The beautiful thing about this bowl is how flexible it actually is once you understand the structure. You can swap out vegetables based on what's in season or what you're craving, and the sauce stays the star. I've made versions with shredded cabbage, snap peas, and even thinly sliced bell peppers, and everything works because the teriyaki sauce unifies the bowl.

Making This Your Own

Some people add cashews or peanuts for extra crunch and richness, which transforms the whole eating experience in the best way. Others have mentioned using cauliflower rice or brown rice instead of quinoa depending on their carb preferences, and neither choice diminishes what this bowl can be. The sauce is really where your personal taste comes in, so once you make it once, you'll have strong opinions about whether you want it sweeter, saltier, or more gingery next time.

Storage and Serving Ideas

I've learned to store the components separately if I'm meal-prepping because the vegetables start releasing water if they sit in the sauce too long.
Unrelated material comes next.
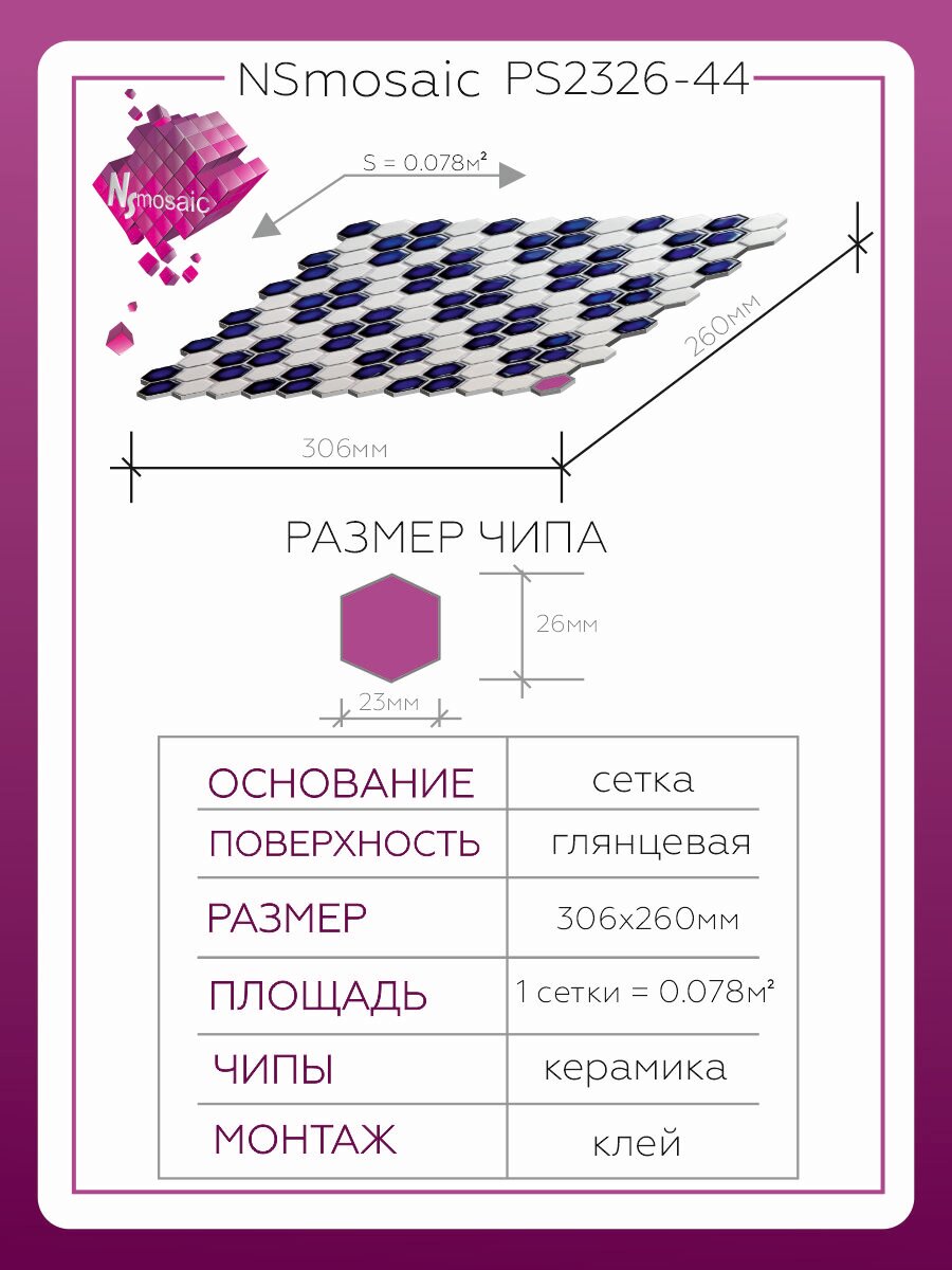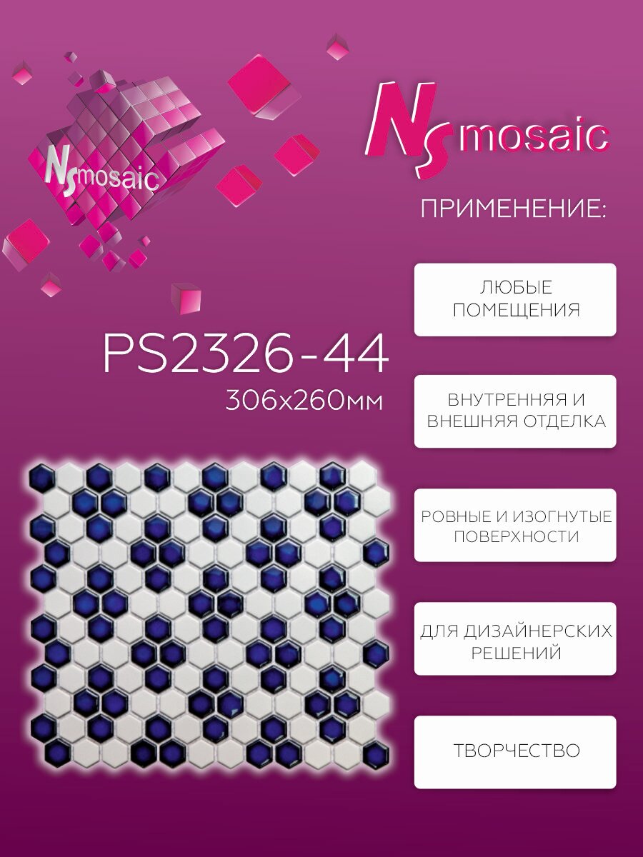 Мозаика керамическая NS mosaic PS2326-44 26х30 чип 23х26 уп 5 шт интересное:

The sauce keeps in the fridge for almost a week, and the quinoa lasts about five days, so assembling fresh bowls each morning takes literally two minutes. If you're bringing this to work, pack the sauce in a small container and drizzle it just before eating so everything stays fresh and crispy.

  • Store quinoa and cooked protein in separate containers to maintain texture through the week.
  • Keep spiralized vegetables in a paper towel-lined container so excess moisture doesn't make them soggy.
  • Drizzle sauce just before eating if you've assembled ahead, or heat everything together gently if you prefer warm bowls.
Ripe mango chunks and green onions add a sweet, fresh finish to this healthy easy teriyaki quinoa bowl, served in a white ceramic bowl. Save
Ripe mango chunks and green onions add a sweet, fresh finish to this healthy easy teriyaki quinoa bowl, served in a white ceramic bowl. | cloverhearth.com

This bowl has become my answer to the question of how to eat healthily without feeling deprived, and I think that's what makes it worth learning by heart. Make it once and it becomes yours.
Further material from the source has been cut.